Metropolitan News-Enterprise

 

Monday, February 12, 2018

 

Page 1

 

Ninth Circuit:

Firing Probationary Officer for Adultery Is Impermissible

Majority Says Triable Issue Exists as to Whether Termination of Employment Stemmed, Even in Part, From Employee’s Affair With Co-Worker

 

By a MetNews Staff Writer

 

The Ninth U.S. Circuit Court of Appeals on Friday reinstated an action based on an alleged constitutional privacy deprivation by Placer County’s City of Roseville and higher-ups in the police department for discharging a probationary officer, at least in part, because she was engaged in a sexual relationship with a male officer.

Both plaintiff Janelle Perez and Officer Shad Begley, with whom she had an affair, had spouses from whom they were separated.

Judge Stephen Reinhardt wrote for the majority in reversing summary judgment, granted by Senior District Judge Garland E. Burrell Jr. the Eastern District of California, in favor of the defendants on Perez’s claim for violation of her rights to privacy and intimate association. Summary judgment was affirmed due process and gender discrimination claims.

Judge A. Wallace Tashima wrote a concurring opinion.

Civil Rights Action

Perez brought her action under 42 U.S.C. §1983, alleging violation of federal constitutional rights.

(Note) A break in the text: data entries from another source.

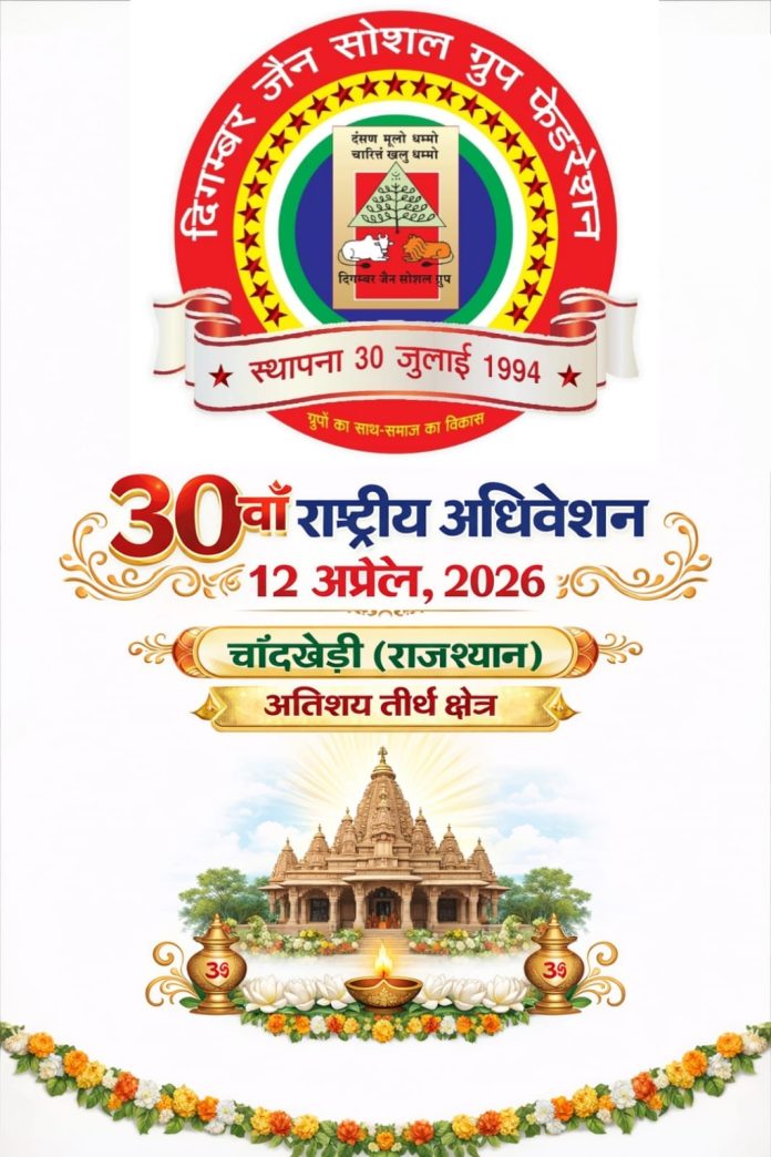 दिगम्बर जैन सोशल ग्रुप फेडरेशन द्वारा आयोजित 30वें राष्ट्रीय अधिवेशन (12 अप्रैल 2026, चांदखेड़ी) के सफल आयोजन हेतु राष्ट्रीय स्तर पर महत्वपूर्ण नियुक्तियाँ की गई है ।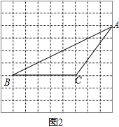 (2)在图2中,画一个有一个角是钝角的等腰三角形,且面积等于10.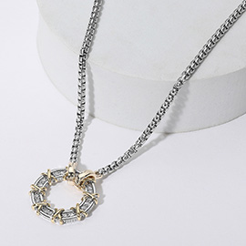 -U- Gold Dipped Metal Initial Monogram Rhinestone Oval Link Pendant Necklace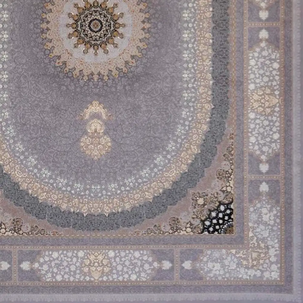 فرش ماشینی 700 شانه نگین فیروزه مدل صدرا نقره ای؛ جلوه ای لوکس برای دکوراسیون منزل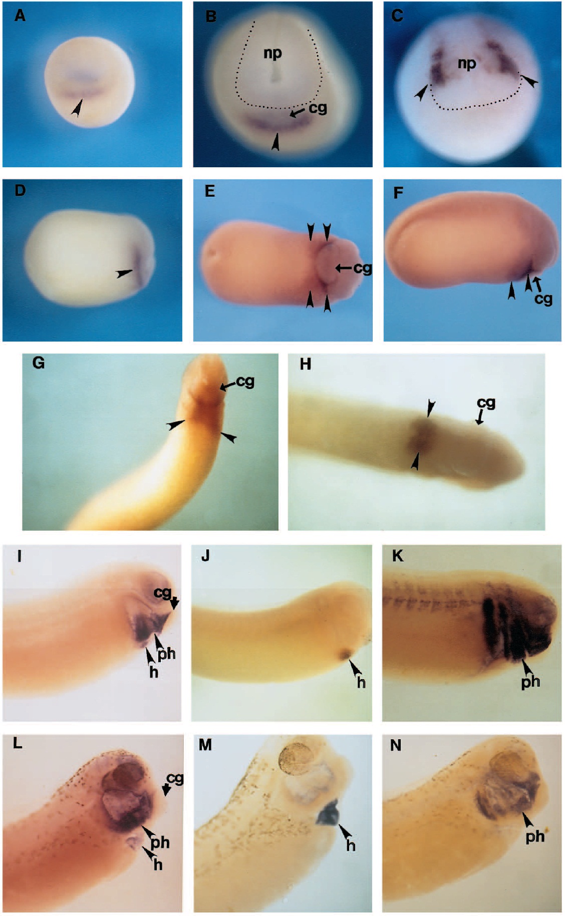 staining remains in the pharyngeal region, and is absent from the heart. Embryos shown in I, K-N were cleared in benzyl:benzoate (Harland,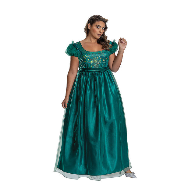 Bridgerton fans will be delighted to look just like Penelope Featherington when wearing our Classic Penelope Costume! This stunning costume features a lovely, full-length, high-waisted gown in rich teal satiny fabric, complete with a sheer overlayer on the puffed sleeves and the full skirt. The bodice boasts printed sparkle accents and delicate ruffle trim on the shoulders, creating an elegant look fit for any themed event.

Citing the Ninth Circuit’s 1983 decision in Thorne v. City of El Segundo, Reinhardt wrote:

“We have long held that the constitutional guarantees of privacy and free association prohibit the State from taking adverse employment action on the basis of private sexual conduct unless it demonstrates that such conduct negatively affects on-the-job performance or violates a constitutionally permissible, narrowly tailored regulation….Because a genuine factual dispute exists as to whether the defendants terminated Perez at least in part on the basis of her extramarital affair, we conclude that she has put forth sufficient evidence to survive summary judgment on her Section 1983 claim for violation of her constitutional rights to privacy and intimate association.”

Might Be Pretextual

Reinhardt noted that reasons were proffered for Perez’s discharge other than the adulterous affair, such as an inability to get along with other female officers. The judge said there was a triable issue as to whether these reasons were pretextual, pointing out that the criticisms arose close in time after the investigation into the affair, and the evidence showed that a captain and a lieutenant personally disapproved of Perez’s adultery.

 He agreed with Burrell that there was no due process violation or gender discrimination.

Tashima concurred solely on the ground that the additional reasons for discharging Perez “all arose in such short order after the internal affairs review” so that “a reasonable inference may be drawn that they may have been pretextual.”

The case is Perez v. City of Roseville, No. 15-16430.